Holy crap you guys are insane. Carrie's saying I "disguise" myself, looney Tuesday lady. Furthermore, she continues claiming I'm trolling when in fact I think she's off-the-rails nuts, and does not know what a troll is. I don't write to enflame her passions contrary to my own beliefs! I WRITE MY BELIEFS. and yet i'm the bogeyman on blogs allegedly committed to an inquiry. let's all smear the outsider and his views! that's our inquiry! man, i'm reading ayn rand now. carrie's rand's trifling magpie archtype. what an insular eddy of blogger FREAKS. At no time have i hidden my identity from her, and at no time was she obligated to answer/ignore me. SHE SIMPLY CENSORS ME. and now it's 4 months later and she's still crazy as a box of clocks. YOU GUYS STILL CRACK ME UP.

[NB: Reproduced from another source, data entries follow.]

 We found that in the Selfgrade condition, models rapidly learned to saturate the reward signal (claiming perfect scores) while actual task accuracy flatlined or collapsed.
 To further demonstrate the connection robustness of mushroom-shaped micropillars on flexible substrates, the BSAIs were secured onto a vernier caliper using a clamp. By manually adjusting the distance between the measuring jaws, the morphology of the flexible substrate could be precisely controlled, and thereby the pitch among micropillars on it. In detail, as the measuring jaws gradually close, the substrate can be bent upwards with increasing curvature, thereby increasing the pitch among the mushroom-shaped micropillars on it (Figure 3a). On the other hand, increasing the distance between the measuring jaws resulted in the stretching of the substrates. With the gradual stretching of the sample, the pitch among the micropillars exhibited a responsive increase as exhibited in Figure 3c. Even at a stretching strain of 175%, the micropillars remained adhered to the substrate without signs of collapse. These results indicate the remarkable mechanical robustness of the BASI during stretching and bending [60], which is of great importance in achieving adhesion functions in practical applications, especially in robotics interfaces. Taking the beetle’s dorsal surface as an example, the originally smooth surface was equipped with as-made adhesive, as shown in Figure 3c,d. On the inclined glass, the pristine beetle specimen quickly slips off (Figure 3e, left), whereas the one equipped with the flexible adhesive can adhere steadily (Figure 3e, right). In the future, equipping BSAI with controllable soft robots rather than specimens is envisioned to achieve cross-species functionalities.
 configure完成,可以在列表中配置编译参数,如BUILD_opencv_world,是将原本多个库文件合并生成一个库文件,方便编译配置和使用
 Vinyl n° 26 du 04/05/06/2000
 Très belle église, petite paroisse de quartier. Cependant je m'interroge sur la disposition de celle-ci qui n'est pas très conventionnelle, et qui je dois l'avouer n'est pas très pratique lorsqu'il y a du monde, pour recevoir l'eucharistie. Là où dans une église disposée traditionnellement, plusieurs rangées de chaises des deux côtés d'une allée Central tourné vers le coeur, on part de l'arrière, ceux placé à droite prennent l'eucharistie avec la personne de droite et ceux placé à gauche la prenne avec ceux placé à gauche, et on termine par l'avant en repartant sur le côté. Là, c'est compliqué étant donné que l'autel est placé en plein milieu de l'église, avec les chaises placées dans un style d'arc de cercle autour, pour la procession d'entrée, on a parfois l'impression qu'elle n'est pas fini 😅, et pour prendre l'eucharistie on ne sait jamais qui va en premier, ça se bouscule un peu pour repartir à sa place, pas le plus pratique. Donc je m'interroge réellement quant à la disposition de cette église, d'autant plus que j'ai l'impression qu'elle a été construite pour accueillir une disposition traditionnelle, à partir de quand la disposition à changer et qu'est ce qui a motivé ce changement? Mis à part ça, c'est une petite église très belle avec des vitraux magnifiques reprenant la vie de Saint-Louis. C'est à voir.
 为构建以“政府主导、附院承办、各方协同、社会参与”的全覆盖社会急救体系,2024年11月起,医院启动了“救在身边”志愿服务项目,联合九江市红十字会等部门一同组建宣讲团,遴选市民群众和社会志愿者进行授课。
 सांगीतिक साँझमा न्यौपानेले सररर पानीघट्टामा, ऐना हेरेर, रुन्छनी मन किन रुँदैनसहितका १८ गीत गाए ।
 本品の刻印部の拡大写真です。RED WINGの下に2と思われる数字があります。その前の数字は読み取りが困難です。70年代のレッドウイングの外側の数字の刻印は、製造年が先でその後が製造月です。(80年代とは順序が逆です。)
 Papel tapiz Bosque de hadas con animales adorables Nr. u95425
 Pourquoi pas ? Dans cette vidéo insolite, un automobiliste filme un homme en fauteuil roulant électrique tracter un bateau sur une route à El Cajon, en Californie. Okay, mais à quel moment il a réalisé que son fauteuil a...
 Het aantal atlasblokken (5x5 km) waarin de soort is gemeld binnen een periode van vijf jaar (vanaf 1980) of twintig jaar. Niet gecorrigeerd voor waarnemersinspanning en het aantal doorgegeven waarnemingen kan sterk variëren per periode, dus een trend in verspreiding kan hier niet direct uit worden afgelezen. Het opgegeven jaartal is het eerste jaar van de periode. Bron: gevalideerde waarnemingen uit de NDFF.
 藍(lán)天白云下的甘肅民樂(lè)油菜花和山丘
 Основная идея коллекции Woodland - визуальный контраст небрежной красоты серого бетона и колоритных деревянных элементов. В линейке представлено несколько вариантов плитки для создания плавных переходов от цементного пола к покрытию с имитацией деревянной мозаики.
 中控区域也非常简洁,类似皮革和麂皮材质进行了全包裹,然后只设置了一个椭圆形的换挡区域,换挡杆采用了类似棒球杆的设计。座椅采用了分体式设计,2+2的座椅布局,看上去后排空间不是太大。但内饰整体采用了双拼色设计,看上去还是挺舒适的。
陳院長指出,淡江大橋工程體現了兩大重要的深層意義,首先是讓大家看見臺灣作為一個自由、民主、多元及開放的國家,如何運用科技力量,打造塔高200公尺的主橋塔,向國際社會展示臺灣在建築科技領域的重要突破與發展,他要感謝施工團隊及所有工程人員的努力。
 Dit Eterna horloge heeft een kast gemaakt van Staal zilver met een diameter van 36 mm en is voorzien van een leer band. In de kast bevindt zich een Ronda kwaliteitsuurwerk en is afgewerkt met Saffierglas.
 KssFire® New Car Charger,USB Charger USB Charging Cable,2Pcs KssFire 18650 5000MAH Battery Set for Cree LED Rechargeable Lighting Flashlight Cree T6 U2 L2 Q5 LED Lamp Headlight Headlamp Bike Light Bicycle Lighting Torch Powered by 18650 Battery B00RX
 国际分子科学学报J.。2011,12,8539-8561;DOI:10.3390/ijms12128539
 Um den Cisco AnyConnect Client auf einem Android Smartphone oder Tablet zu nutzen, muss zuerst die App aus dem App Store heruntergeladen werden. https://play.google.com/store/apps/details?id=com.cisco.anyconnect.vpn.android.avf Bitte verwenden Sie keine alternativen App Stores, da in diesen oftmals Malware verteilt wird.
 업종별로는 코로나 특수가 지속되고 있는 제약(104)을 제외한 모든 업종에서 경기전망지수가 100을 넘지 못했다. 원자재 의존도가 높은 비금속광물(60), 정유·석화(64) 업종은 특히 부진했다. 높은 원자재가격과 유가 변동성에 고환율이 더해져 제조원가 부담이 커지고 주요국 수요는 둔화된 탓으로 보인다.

incidentally Red Oak used this same (EXACT) smear/critique toward me... though there was a more vile man levying it as well, the "he's got 5 ideas and we keep blowing his mind!" saw of utter crap. you guys are all mutual douchebags together spinning in an oblivion of literalist pedant cliche' appraisals and fear, and your psychological deconstructionism is both trite and mistaken. i am not a troll! i am not a reductionist! and i am not hiding out like a bogeyman for freaks like carrie. she censors me so she can lick it, anti-American freakshow! the fact your bizarroworld copter-beanies still rev for me months later is fascinating. at least you can ignore my critiques and stick to smears and false appraisals. THIS BLOG DELIVERS.

Eric Easterberg said...

Someone needs to get to bed a little earlier.